Download or read book Optimization with PDE Constraints written by Michael Hinze and published by Springer Science & Business Media. This book was released on 2008-10-16 with total page 279 pages. Available in PDF, EPUB and Kindle. Book excerpt: Solving optimization problems subject to constraints given in terms of partial d- ferential equations (PDEs) with additional constraints on the controls and/or states is one of the most challenging problems in the context of industrial, medical and economical applications, where the transition from model-based numerical si- lations to model-based design and optimal control is crucial. For the treatment of such optimization problems the interaction of optimization techniques and num- ical simulation plays a central role. After proper discretization, the number of op- 3 10 timization variables varies between 10 and 10 . It is only very recently that the enormous advances in computing power have made it possible to attack problems of this size. However, in order to accomplish this task it is crucial to utilize and f- ther explore the speci?c mathematical structure of optimization problems with PDE constraints, and to develop new mathematical approaches concerning mathematical analysis, structure exploiting algorithms, and discretization, with a special focus on prototype applications. The present book provides a modern introduction to the rapidly developing ma- ematical ?eld of optimization with PDE constraints. The ?rst chapter introduces to the analytical background and optimality theory for optimization problems with PDEs. Optimization problems with PDE-constraints are posed in in?nite dim- sional spaces. Therefore, functional analytic techniques, function space theory, as well as existence- and uniqueness results for the underlying PDE are essential to study the existence of optimal solutions and to derive optimality conditions.

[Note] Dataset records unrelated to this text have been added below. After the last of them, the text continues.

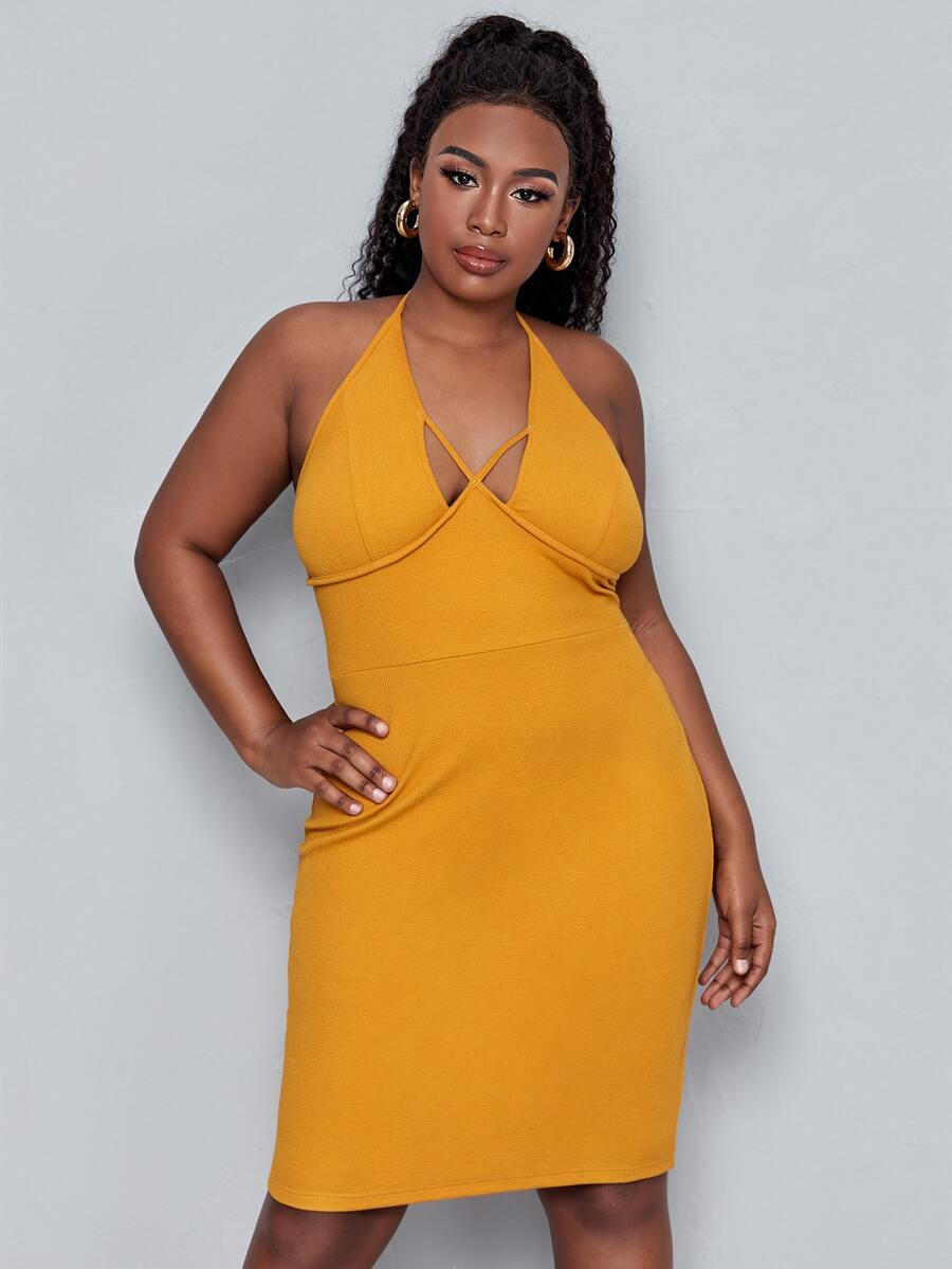Plus Low Back Crisscross Halter Dress
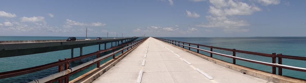 Het was haast jammer om hier weg te gaan, maar we wilden toch verder en liepen over het zand naar het water. We liepen hier een poosje rond en toen zagen we vier manatees zwemmen in het water, vlak bij het strand. Ze kwamen af en toe even boven water om adem te halen. We vonden het heel bijzonder om op deze plek de manatees te zien. Ze zwommen eigenlijk maar een paar meter van ons vandaan. Op een gegeven moment gingen ze weer weg en wij zijn toen ook weer de auto ingegaan om een leuk picknickplekje te zoeken. Die vonden we een eindje verderop en daar zijn we gaan picknicken. Ook hier weer met uitzicht op de zee, die er net zo mooi blauw uitzag als het water toen we naar de Keys reden twee weken geleden. Na de lunch reden we van het eiland af. We zagen dat er een grote vispier aan de overkant lag en we hadden het vermoeden dat dat een oude spoorweg was. Eerst konden we hem niet vinden, maar kwamen we wel bij een ander leuk plaatsje terecht met allemaal schattige gekleurde huisjes. We keken daar even rond en zagen vrij snel daarna de toegang tot de pier.
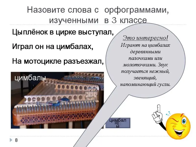 - Это интересно! Цимбалы - музыкальный струнный инструмент. Играют на цимбалах деревянными палочками. Звук получается нежный, звенящий, напоминающий гусли.
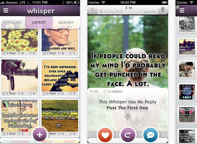 Whisper是一款移动端的树洞类应用,在美国的学生群体中很火。同其他树洞不同的是,用户在Whisper上的说出的秘密不是单纯的文字或者图片,也不是图片配文字描述,而是内嵌有文字的图片。这些图片可以是你过去或者现在拍摄的,也可以直接从网上搜索的来,然后在图中写上你想说的秘密,就成了一段Whisper。别人可以对它标心,也可以用同样的形式——内嵌文字的图片进行回复。

Reduced Order Methods for Modeling and Computational Reduction

Reduced Order Methods for Modeling and Computational Reduction
Author :
Publisher : Springer
Total Pages : 338
Release :
ISBN-10 : 9783319020907
ISBN-13 : 3319020900
Rating : 4/5 (07 Downloads)

Book Synopsis Reduced Order Methods for Modeling and Computational Reduction by : Alfio Quarteroni

Download or read book Reduced Order Methods for Modeling and Computational Reduction written by Alfio Quarteroni and published by Springer. This book was released on 2014-06-05 with total page 338 pages. Available in PDF, EPUB and Kindle. Book excerpt: This monograph addresses the state of the art of reduced order methods for modeling and computational reduction of complex parametrized systems, governed by ordinary and/or partial differential equations, with a special emphasis on real time computing techniques and applications in computational mechanics, bioengineering and computer graphics. Several topics are covered, including: design, optimization, and control theory in real-time with applications in engineering; data assimilation, geometry registration, and parameter estimation with special attention to real-time computing in biomedical engineering and computational physics; real-time visualization of physics-based simulations in computer science; the treatment of high-dimensional problems in state space, physical space, or parameter space; the interactions between different model reduction and dimensionality reduction approaches; the development of general error estimation frameworks which take into account both model and discretization effects. This book is primarily addressed to computational scientists interested in computational reduction techniques for large scale differential problems.